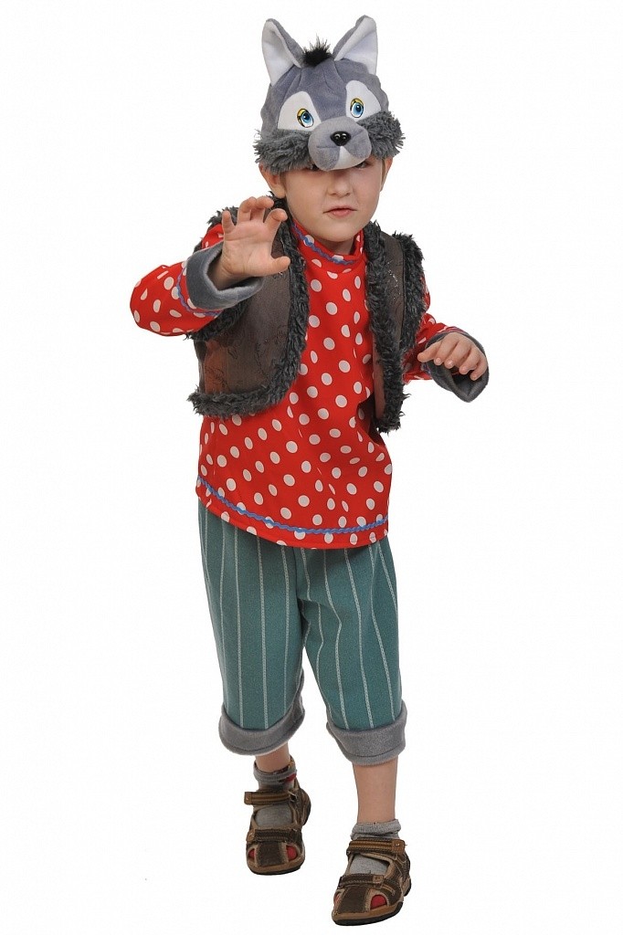 Детский костюм Серого Волка включает в себя полосатые серо-зеленые брюки, красную рубаху в белый горох, коричневый жилет с меховой отделкой, а также серую меховую маску-шапочку в виде мордочки волка.
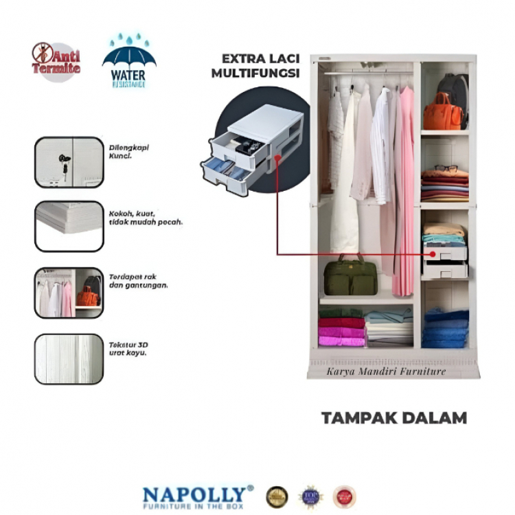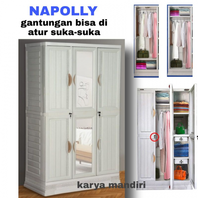 Lemari Baju Pakaian - Lemari Napolly - Lemari Plastik 3 Pintu - Penyimpanan Pakaian - Napolly 3 Pintu Gantung - Cth5
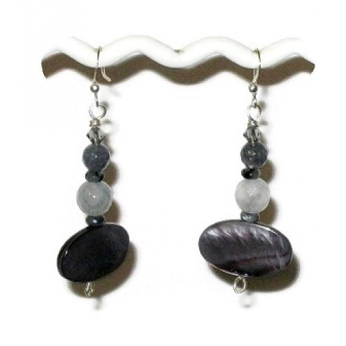 If you are looking for jewelry pieces in neutral colors that will match several of your outfits , this neutral-colored bracelet set will be perfect for you. It is made up of jade, black lip shell, zebra jasper, and mother-of-pearl beads. The bracelet is 7-1/2 inches and the matching earrings are 2 inches long with their silvertone earwires.
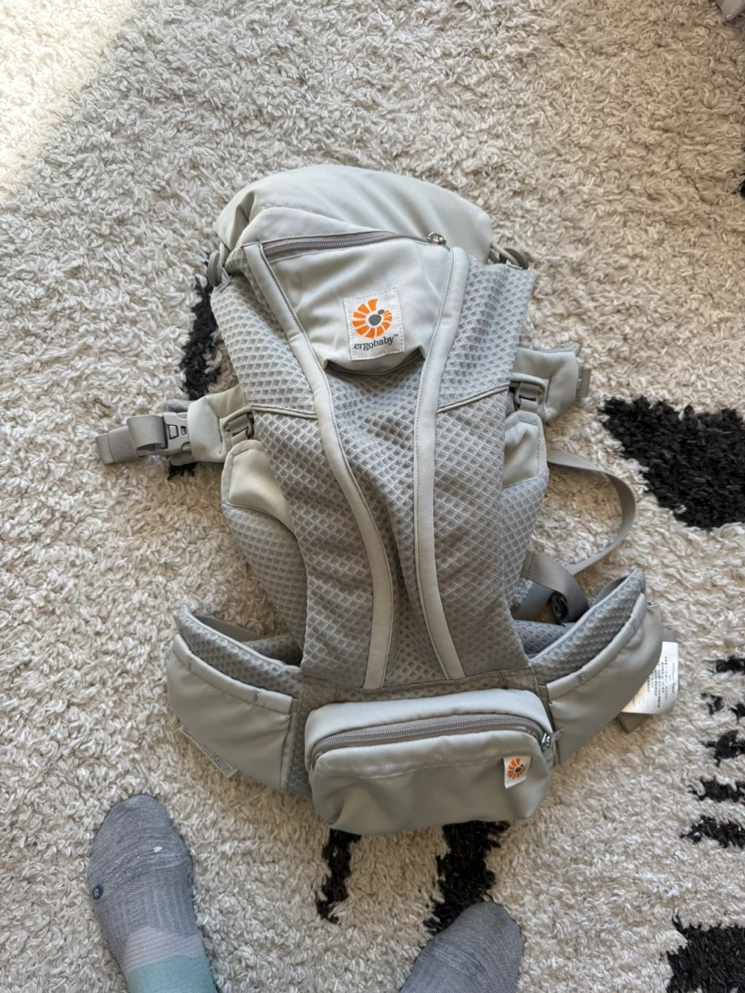 This Ergobaby baby carrier is a comfortable and adjustable way to carry your little one. It's gray and made with breathable mesh fabric. Includes a zippered pouch for essentials. Brand new never used
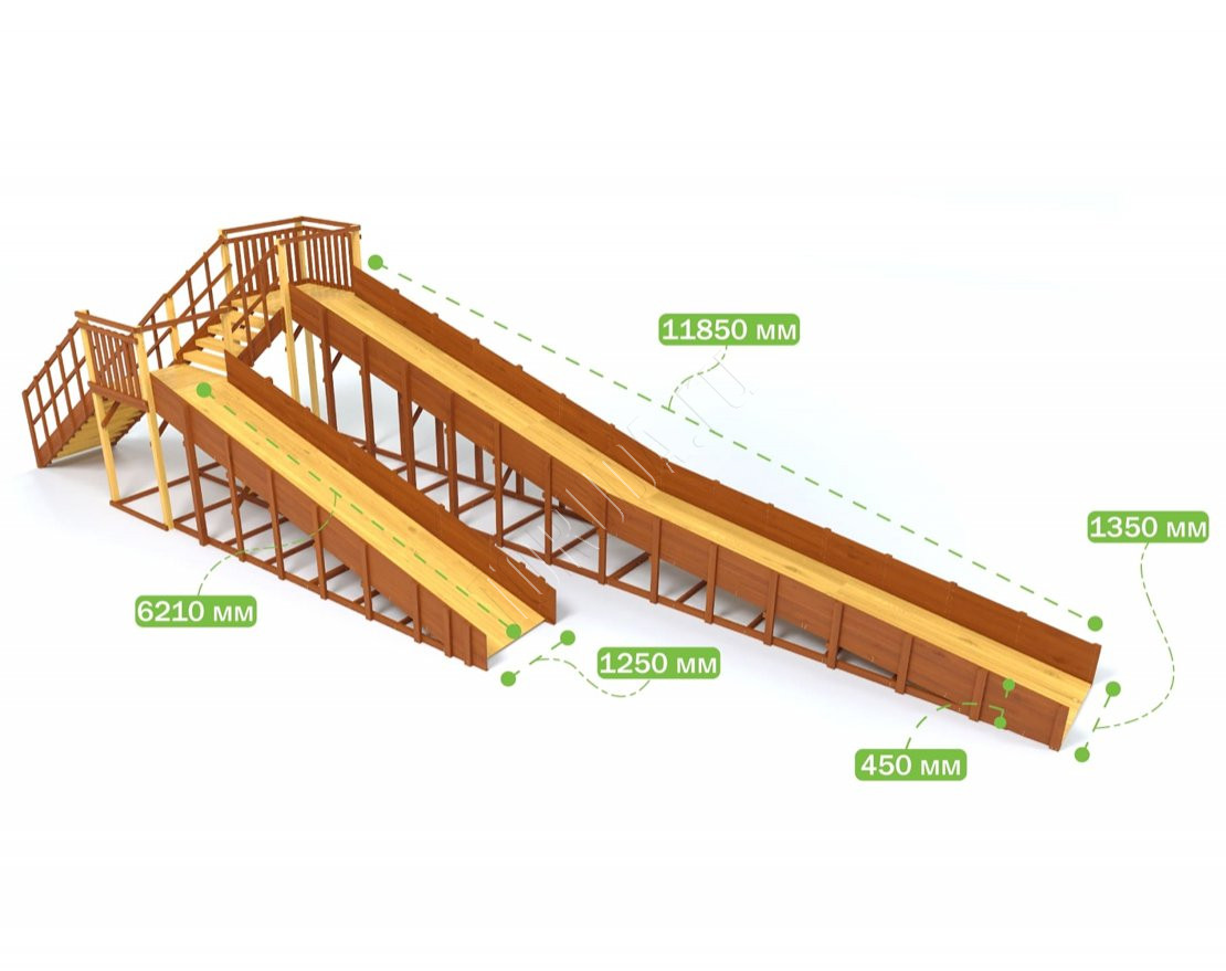 Уличная деревянная горка «TORUDA Север» - 9 предназначена для зимних развлечений. Этот игровой комплекс позволит детям разных возрастов весело и активно проводить время на свежем воздухе.

→ **What to work on**:
Where a picture appears, skip it and copy the rest of the data word for word.

→ **Response for this exercise**:
 Детский костюм Серого Волка включает в себя полосатые серо-зеленые брюки, красную рубаху в белый горох, коричневый жилет с меховой отделкой, а также серую меховую маску-шапочку в виде мордочки волка.
 Lemari Baju Pakaian - Lemari Napolly - Lemari Plastik 3 Pintu - Penyimpanan Pakaian - Napolly 3 Pintu Gantung - Cth5
 If you are looking for jewelry pieces in neutral colors that will match several of your outfits , this neutral-colored bracelet set will be perfect for you. It is made up of jade, black lip shell, zebra jasper, and mother-of-pearl beads. The bracelet is 7-1/2 inches and the matching earrings are 2 inches long with their silvertone earwires.
 This Ergobaby baby carrier is a comfortable and adjustable way to carry your little one. It's gray and made with breathable mesh fabric. Includes a zippered pouch for essentials. Brand new never used
 Уличная деревянная горка «TORUDA Север» - 9 предназначена для зимних развлечений. Этот игровой комплекс позволит детям разных возрастов весело и активно проводить время на свежем воздухе.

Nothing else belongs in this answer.